2015年4月2日木曜日

【回転窓】平等の難しさ


 東日本大震災の被災者と「平等って何だろう」という話になった。相手は狭い仮設住宅に家族4人で暮らしている。上の娘が小学6年生になり、思春期に入ってきたが、プライベートな空間を与えられない▼「仮設住宅内に空き部屋があるので使わせてもらえないか」。市役所に相談したが、答えはNO。基準にのっとると、子どもが中学生になるまでは広い場所には移れないという▼同じ広さの仮設住宅に一人で暮らす高齢者もいる。ルールの大切さは理解しており、部屋が全て埋まっているなら我慢するのだが…。
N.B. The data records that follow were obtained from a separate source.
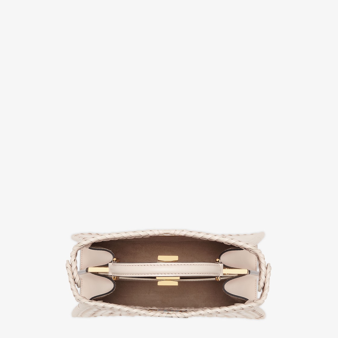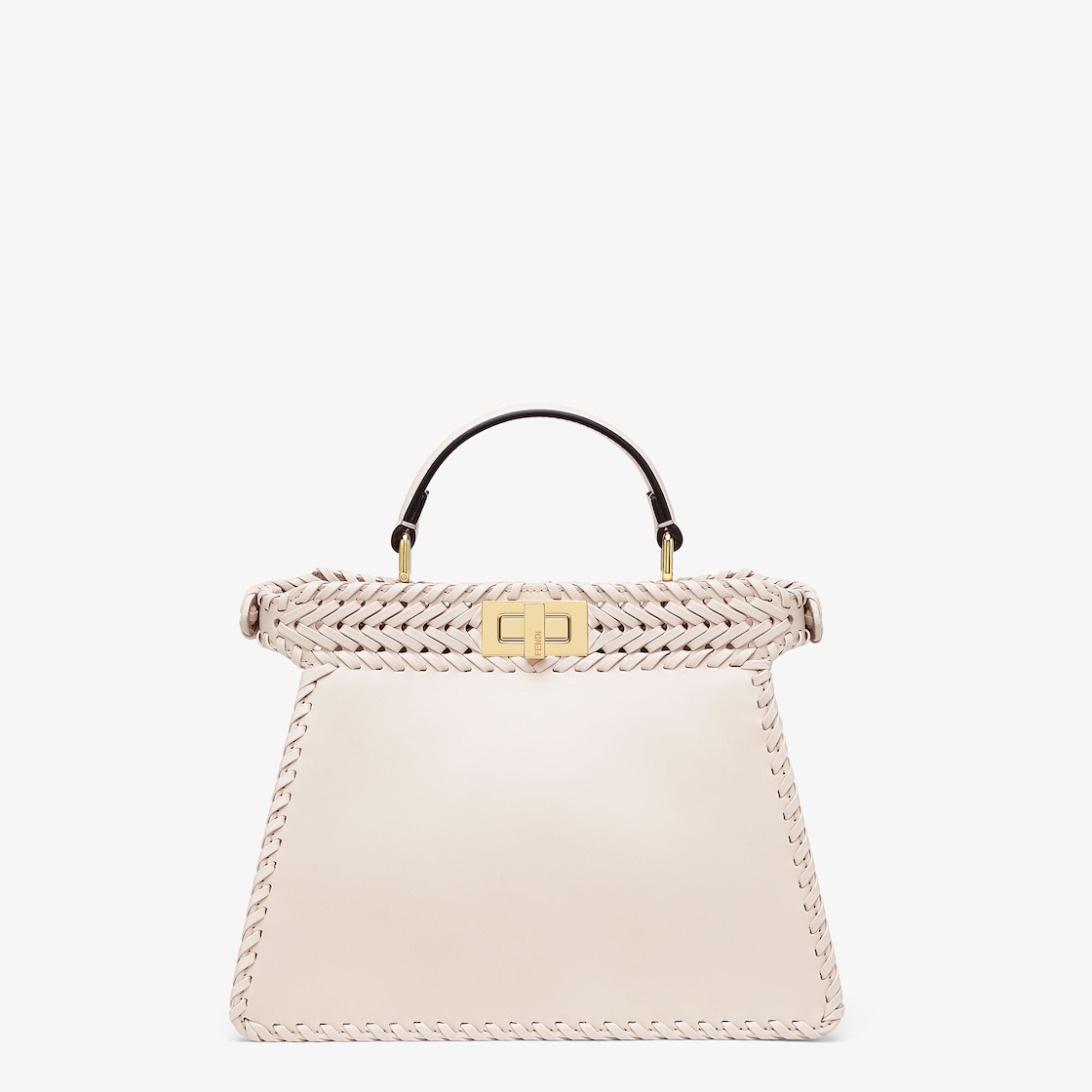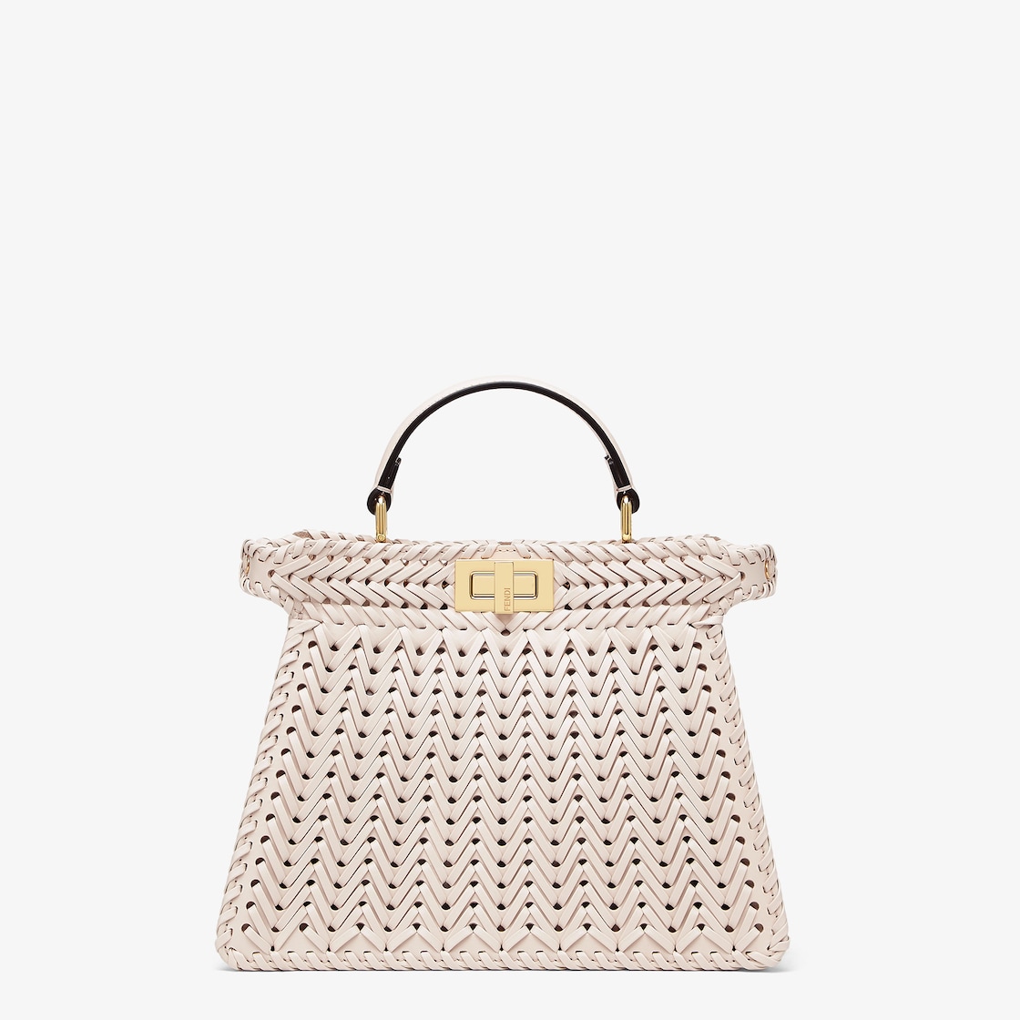 Iconic small Peekaboo ISeeU bag made of camellia leather with borders and front panel embellished with a tone-on-tone interlace. Decorated with the iconic twist lock on both sides.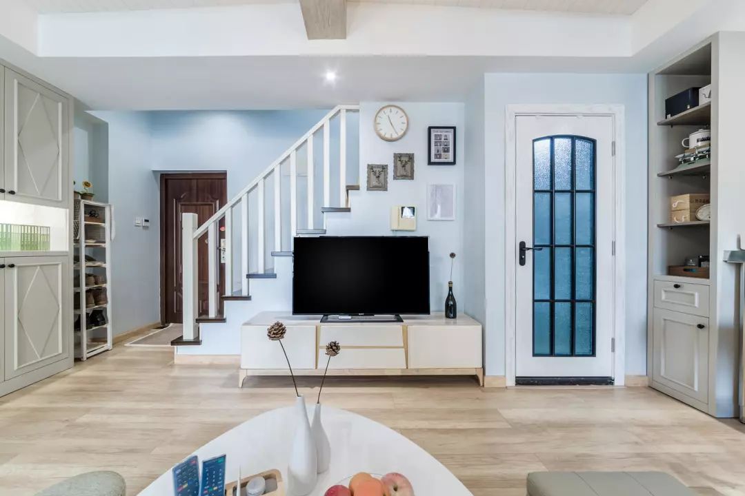 充分利用每一寸空间,把电视背景设计在楼梯的侧面,简单挂上几幅装饰画就大功告成啦!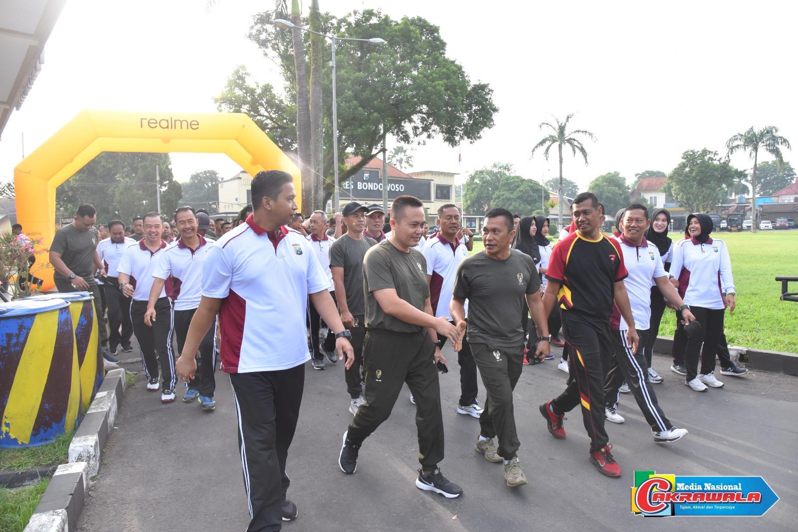 Bondowoso,MN Cakrawala– Ratusan anggota Polri dan TNI di wilayah Bondowoso melakukan olahraga bersama yang digagas oleh Polres Bondowoso dan dipusatkan di Mapolres Bondowoso, Jumat (18/5/2023) pagi.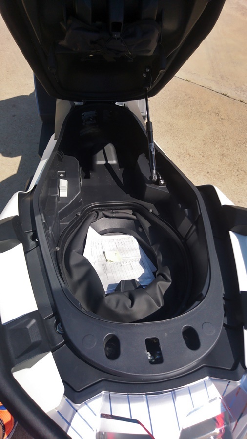 El cofre bajo el asiento es muy largo pero no estaca por su capacidad, disponemos de espacio para un casco jet y cuando está parada la moto, desplegamos el sistema «flexcase», y nos entra un casco integral.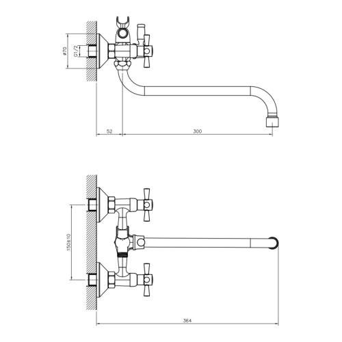 В комплекте: смеситель с эксцентриками, держатель душевой лейки, душевая лейка, душевой шланг.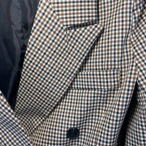 Petal+Pup Women's Juliette Check Double Breasted Blazer Brown Longline Slit Sz 2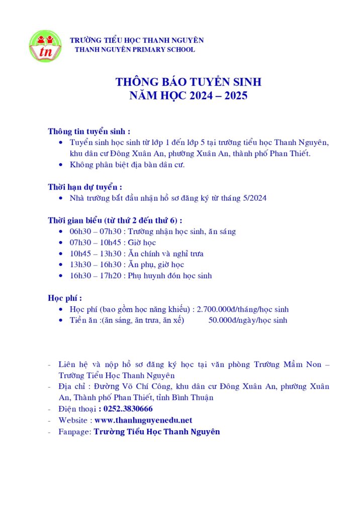 Trường Tiểu Học Thanh Nguyên thông báo Tuyển sinh 2024-2025 !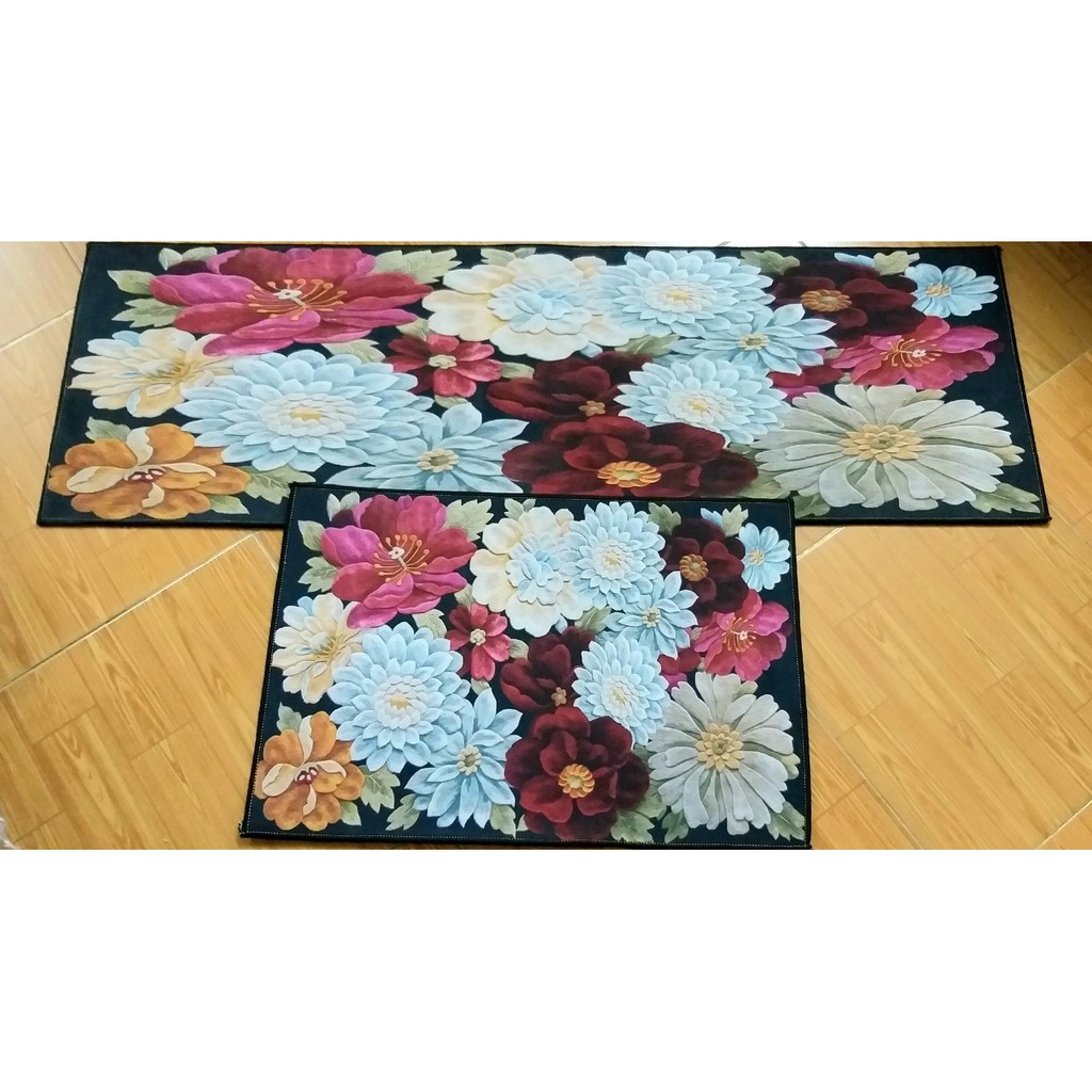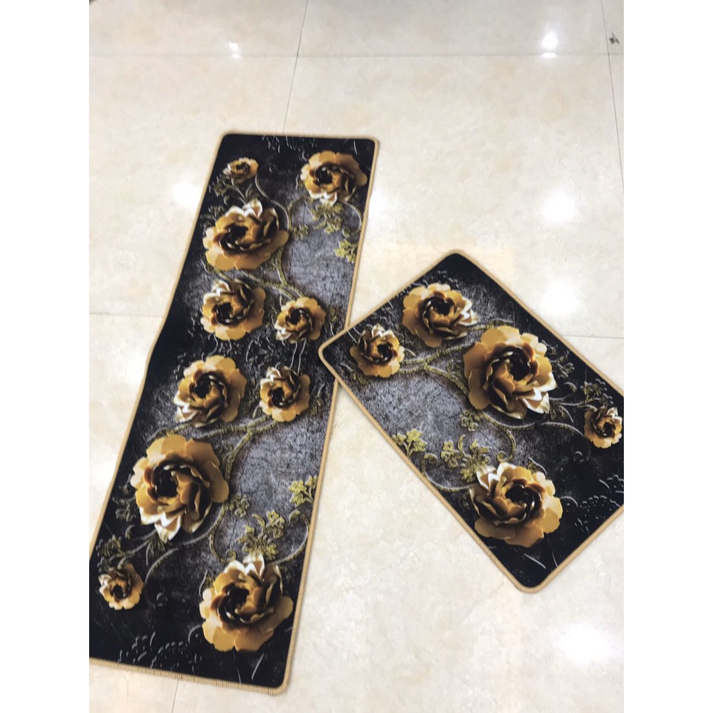 - Set gồm 2 thảm chữ nhật dài và ngắn phù hợp để trong phòng bếp hoặc phòng ngủ rất sang trọng.In họa tiết 3D sống động, đẹp mắt cho không gian sống.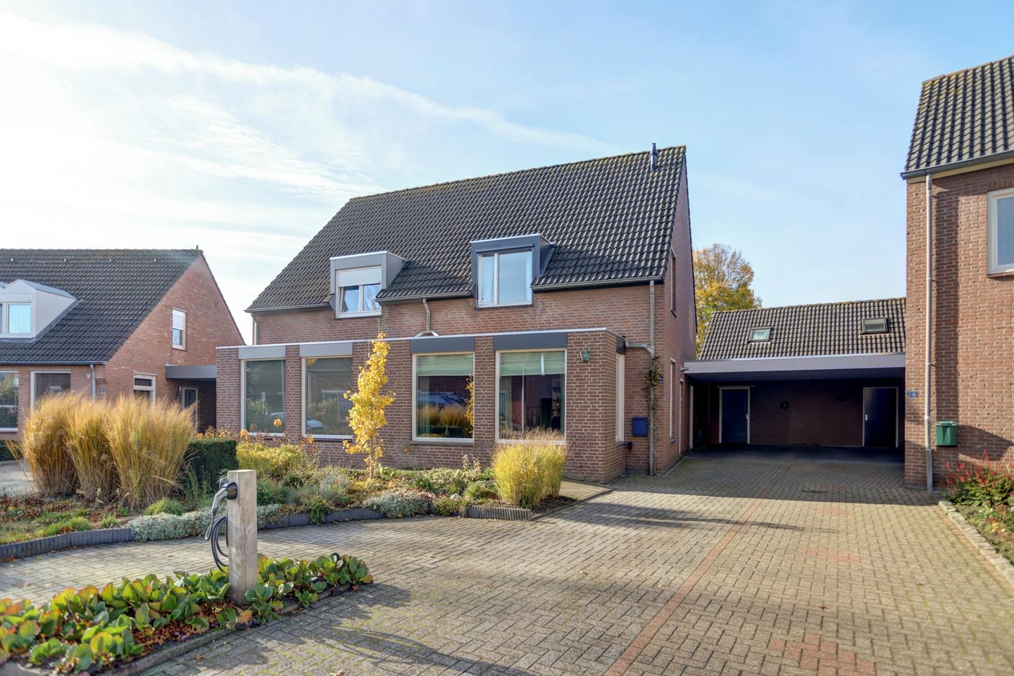 In een rustige en kindvriendelijke woonwijk van Neerkant staat deze royale twee-onder-een-kapwoning die aan zowel de voor- als achterkant flink is uitgebouwd. Hierdoor is er op de begane grond veel leefruimte ontstaan met een fijne, open sfeer. Bij binnenkomst valt direct de lichte woonkamer op. De vier grote raampartijen aan de voorzijde zorgen voor een heerlijke hoeveelheid daglicht en de ruimte biedt mogelijkheden voor meerdere zithoeken of een gezellig speelhoekje voor de kinderen. De doorkijkhaard vormt het sfeervolle hart van de begane grond en scheidt op subtiele wijze de woonkamer van de keuken. De open keuken ligt aan de tuinzijde en is uitgerust met een inductiefornuis, diverse inbouwapparatuur en veel kastruimte. Terwijl je kookt of afwast geniet je van een prettig uitzicht op de achtertuin. Aangrenzend bevindt zich een handige bijkeuken met inbouwkasten en de aansluitingen voor wasmachine en droger. Op de eerste verdieping liggen drie ruime slaapkamers waarvan één is voorzien van een grote inbouwkast. De badkamer is modern en compleet ingericht met een inloopdouche, dubbele wastafel met opbergmeubel, toilet en designradiator, een fijne plek om de dag fris te beginnen of ontspannen af te sluiten. Via een vaste trap bereik je de zolderverdieping waar een vierde slaapkamer is gecreëerd met twee Velux-dakramen en extra bergruimte onder het schuine dak. De achtertuin is groen en verzorgd aangelegd met een terras direct achter de woning en een tweede zitplek onder de overkapping bij de garage. De garage beschikt over een verdieping met vaste trap, ideaal als berging of hobbyruimte. Voor de garage ligt een oprit met carport waardoor je altijd voldoende parkeerruimte hebt. Dankzij de aanwezigheid van 14 zonnepanelen zijn de energiekosten bovendien aantrekkelijk laag.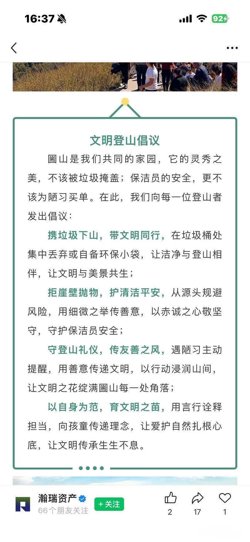 » 致登山者:圌山青绿需守护,文明登山共践行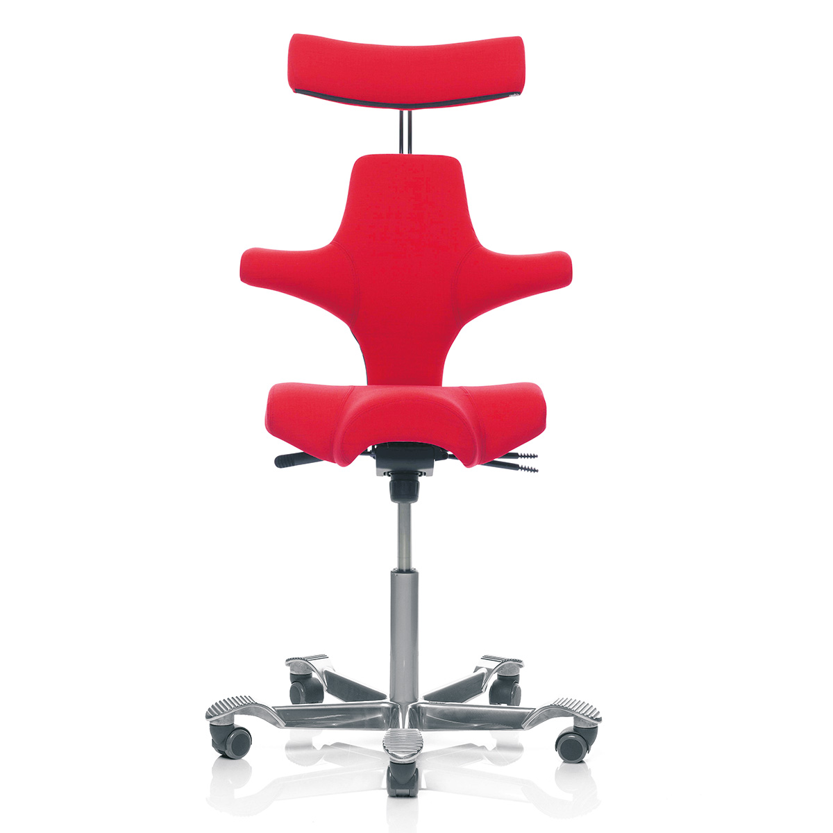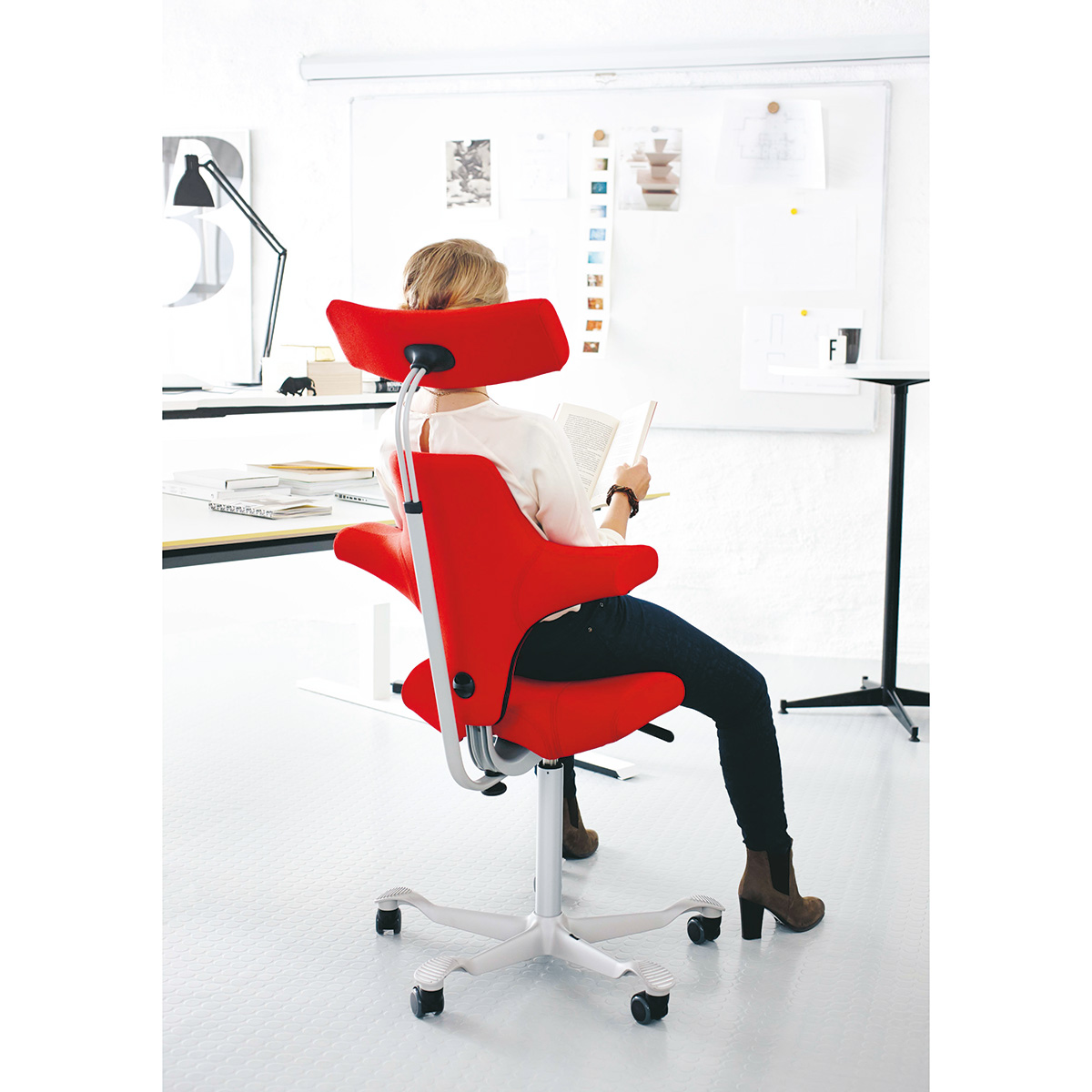 Wem der Sattelsitz des HAG Capisco 8106 nicht gefällt, der findet bei diesem Modell alle ergonomischen Eigenschaften des HAG Capisco in Verbindung mit einem normalen Flachsitz vereint. Das Modell 8126 bietet alle ergonomischen Eigenschaften der klassischen Capisco-Modelle, gleichzeitig jedoch auch das normale Sitzgefühl eines Standard-Bürodrehstuhls. Die Feder des HAG Capisco ist in drei Höhen erhältlich, sodass sowohl normales Arbeiten im Sitzen als auch in einer nahezu stehenden Position ermöglicht wird. Durch unseren modernen Online-Konfigurator können Sie den HAG Capisco nach Ihren Wünschen farblich gestalten.HighlightsModerne Rückenlehne in Capisco-Form: Nutzen Sie sie in jeder erdenklichen SitzpositionAnsprechende Bezugsauswahl: Gestalten Sie HAG Capisco in Ihren Wunschfarben oder passend zu Ihrem Corporate DesignDrei verschiedene Gasfedern passend zu Ihrer Arbeitshöhe erhältlichNachhaltige Produktion bei HAG: Verwendung von 53 % recycletem Material aus Verbrauchs- und IndustrieabfällenAusstattungErgonomischer FlachsitzRückenlehne in Capisco-Form, passt sich jeder Sitzhaltung anHöhenverstellungSitztiefenverstellungEinstellung der RückenlehnenhöheJustierung des rückwärtigen Neigungswiderstandes sowie ArretierungVerfügbar in verschiedenen Stoffen und Bezugsfarben der HAG-KollektionHochwertiges Kunststoff- oder Aluminium-Fußkreuz in schwarz, silber, weiß oder poliertMit dem optionalen HAG StepUp lässt sich der HAG Capisco um zwei zusätzliche Ebenen für das Aufstellen der Füße erweiternOptionaler HAG Footring ermöglicht eine Variation der Höhe und Bewegungsfreiheit für die FüßeAbmessungenSitzhöhe bei 150 mm-Gasfeder: 408 - 540 mm (für kleinere Personen geeignet) Sitzhöhe bei 200 mm-Gasfeder: 470 - 655 mm (Standard, normaler Verstellbereich) Sitzhöhe bei 265 mm-Gasfeder: 555 - 810 mm (für Stehtische geeignet)Rückenlehnenhöhe: 460 mmSitztiefe: 340 - 420 mmSitzbreite: 470 mmMaximale Stuhlbreite: 595 mmDurchmesser des Fußkreuzes: 730 mmGewicht: 13,5 kg

息苦しそうな娘や空き部屋を見ていると何ともやりきれない▼仮設住宅を出る選択肢もあるが、いったん離れると元の街には戻らないかもしれない。復興街づくりに関わってきただけに、別の場所に移ることにはためらいがあるが、今のままが良いとも思えない。どうすれば-。そんな迷いの中にいるそうだ▼税金で運営する以上、一定の線引きの下で一律の対応が求められるのは当然。だが、それが本質的な平等につながらないこともある。それぞれ悩みを抱えながら被災地は5年目の春を迎えた。